The line between Disney’s staging of the 2011 Aladdin production above and late-nineteenth-century fairytale pantomimes is an interesting one. It involves an important detour into musical comedy. The connections also relate to spectacular staging, electric-based technologies, but most of all it involves metaphors arising folk stories, fairy tales and religious symbolism. The performances were always localised which meant they were always created to relate to the geographic context in which they were staged. The pantomimes were synectic, that is, they had the ability to offer audiences a way of creatively solving huge problems and overcoming great anxieties.
The term ‘arrangement’ was used to describe how pantomime stories used the same myths, legends, fairy tales and folklore over and over again, arranged in different ways. The novelty of the arrangements was advertised in the long titles for productions, sometimes containing three or four subtitles. This, too, was part of the fun of making jokes for pantomime’s audience.
- ALADDIN AND THE WONDERFUL LAMP, New Theatre Royal, Middlesborough, 1900
- ALADDIN, OR, THE SCAMP, THE LAMP, THE TRAMP, Theatre Royal, Drury Lane, 1885
- ALADDIN, Theatre Royal, Sydney, 1882
- ALADDIN; OR HARLEQUIN THE WONDERFUL RING, THE WONDERFUL LAMP, AND THE PRETTY YOUNG MAIDEN WHO LOVED A GREAT SCAMP, THE FUNNY OLD DAME, AND THE LATEST EDITION, OF THE MUSICAL, MODEL AND MYSTIC MAGICIAN, Theatre Royal, Adelaide, 1875
- ALADDIN OR, THE WONDERFUL SCAMP, New Albion Theatre, Poplar, 1873
- ALADDIN AND THE LAMP, OR, THE WIZARD, THE RING AND THE SCAMP, Theatre Royal, Hobart, 1870
- HARLEQUIN ALADDIN; OR, THE GOOD FAIRY AND THE MAGICIAN, The Royal English Opera, Covent Garden, 1865
- ALADDIN AND THE WONDERFUL LAMP, OR, HARLEQUIN AND THE FLYING PALACE, Royal Victoria, Sydney 1861
- ALADDIN, THE WONDERFUL SCAMP, OR, HARLEQUIN CHIN SING FOO! THE CHARM OF PEKIN! AND THE MAGIC LAMP! AND THE SLAVE OF THE ENCHANTED RING, Royal Victoria, Sydney 1858
- HARLEQUIN ALADDIN, AND THE WONDERFUL LAMP, OR THE GENII OF THE RING, Theatre Royal, Sydney 1837.
Creating Novelty
Aladdin was frequently staged as a pantomime subject throughout the 19th-century. The advertisement above shows an early Aladdin production in Sydney in the 1830s.

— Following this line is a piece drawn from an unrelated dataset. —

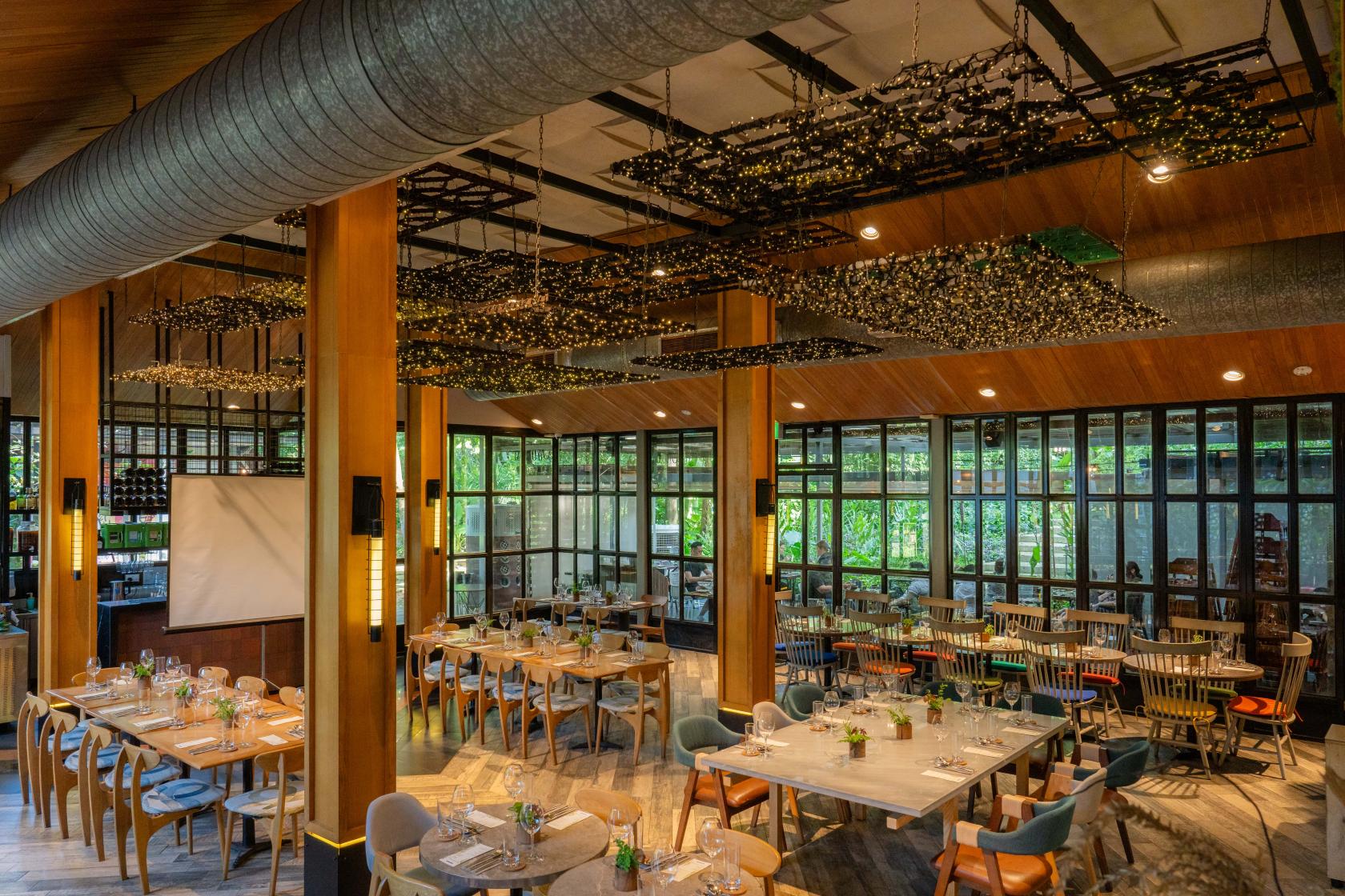 Our air-conditioned main dining space features a semi-open kitchen, high ceilings, and glass walls for a bright, elegant setting. Ideal for corporate functions, wine tastings, product launches, and birthdays, it offers flexible seating for up to 70 guests.

The Wikipedia entry on the tale informs us that it is in The Book of One Thousand and One Nights (“The Arabian Nights”), but it was not part of the original Arabic text. Rather, it was added in the 18th century by the Frenchman Antoine Galland. He heard it from a Syrian storyteller in Aleppo. There are many puzzling mixing up of Asian and Middle Eastern references related to the story, but the central theme of the story remains unchanged: a young man who outwits conniving thieves who plan to send him to his death to rescue a magic lamp, the key to the entrance of a huge deposit of wealth and riches. Of course, he wins the riches for himself and proves himself as a street-smart Arlecchino… hence Harlequin Aladdin.
Challenging Gender, Race and Class
We should remember that Aladdin is played as a ‘pantomime boy’, that is, ‘he’ is a cross-dressed woman with shapely legs, who has the part because she is the star attraction for the production. For example, the image on the right is of Vesta Tilley, one of the UK’s most celebrated ‘pantomime boys’.
Pantomimes presented a ‘mythical’ and exotic ‘oriental’ setting. However, the characters, regardless of the ethnic origins, all pursued perfect wedded bliss and unlimited wealth. Productions of Aladdin usually began in a humble village with its cottages and the lowly domestic settings of the Widow Twankey’s laundry. The village contrasted with the opulence of the imperial palace which the poor Widow and Aladdin would one day get access to. Aladdin’s falling in love with the princess was the solution for the ambitious characters who wanted to find a way around class divisions. In this sense, it doesn’t matter that Aladdin is Chinese because what really matters more is that ‘he’ becomes fabulously rich.